Still, the team summited Jebel Khazali after only four hours of fast-paced scrambling, so the training of the previous few days had obviously paid off! Without stopping for lunch, and after a short triumphant moment on the summit of the mountain, we continued across the plateau to find our route back down. We were under some time pressure to complete the climb before nightfall, but finally, after eleven hours of scrambling and five challenging abseils, we walked into camp, shattered and exhausted, as daylight began to fade.
We celebrated by the light of our campfire and stared up into the brilliant star-lit night, grateful to be part of this extraordinary adventure.
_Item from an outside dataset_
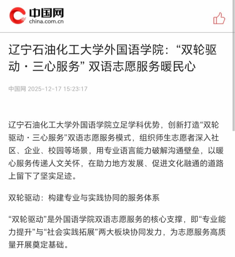 編者按:遼寧石油化工大學外國語學院立足學科優勢,創新打造“雙輪驅動?三心服務”雙語志愿服務模式,用專業語言能力破解溝通壁壘,以暖心服務傳遞人文關懷。中國網、中國日報網、改革網對其內容進行了宣傳報道,現將相關報道轉載如下:
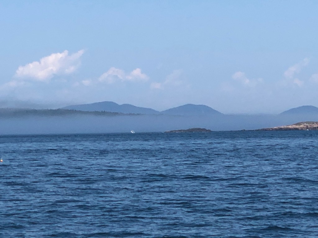 After the cruise broke up, we had hoped to continue east with a goal of reaching lovely remote Roque Island. We were there two years ago and swore not to go back unless there was going to be good weather! However, with fog and strong Southwesterly winds in the forecast, we decided to start working our way south. First stop was Frenchboro, which is known for its lovely harbor, amazing lobster dinners and blueberry pie at Lunts on the waterfront, and lack of visitor moorings. We were excited to find there were several visitor moorings available, but we soon found out why – the moorings are poorly protected and uncomfortable; and sadly, Lunts decided not to open this year. In search of a more comfortable spot, we moved on to Burnt Coat Harbor on Swans Island, and enjoyed dinner on Gannet as the fog moved in and out (mostly in!).

The evening sky was so dark and vast it was almost too easy to spot shooting stars – we caught several and made many wishes!
Our dinnertime set-up consisted of Bedouin mats and blankets, laid out on the ground, wedged up against the walls of one of the stone facades, while a large fire gave us light and warmth. We slept in individual tents that we would assemble every night as soon as we got into camp, and disassemble at first light. When water was available, our guides would use cords to wedge a bag of water into the grooves in a wall around the corner from our campsite to allow us to wash off the dust and fatigue of the day.
We learnt many new climbing techniques we would never have learnt on synthetic climbing walls in Singapore. We saw vistas of the Wadis that took our breath away. We even got to float in Jordan’s famed Dead Sea. But nothing prepared us for the euphoria that overtook our senses when, at the end of our journey, we came across the ancient city of Petra.
There was laughter and there were tears, of both exhaustion and triumph. Undoubtedly, the desert of Jordan and the Valley of the Moon have cast a spell on us; we will always carry a fervent longing to return. But what we discovered at the end was something far more rewarding. We had come to know a people who cherish their liberties enough to want their country to stay out of conflicts and instead chart its own path.
And we knew we had embarked on this journey to support women who have lost everything to war and conflict, and been robbed of their dignity and their right to live in peace; women whose bodies have been violated, and whose self-esteem and freedom have been taken from them. Our expedition is dedicated to these mothers, daughters and sisters who need our help and encouragement to climb out of their misery and conquer their own personal summits.
True to our mission, the creed of our team is simple: Follow your dreams. Live to the fullest. Push your limits. Always challenge yourself. Give back to those who need it most. Celebrate often. Keep humble. Be thankful always. Travel whenever you can. And write your own rules, because footprints on the sands of time are not made by sitting down.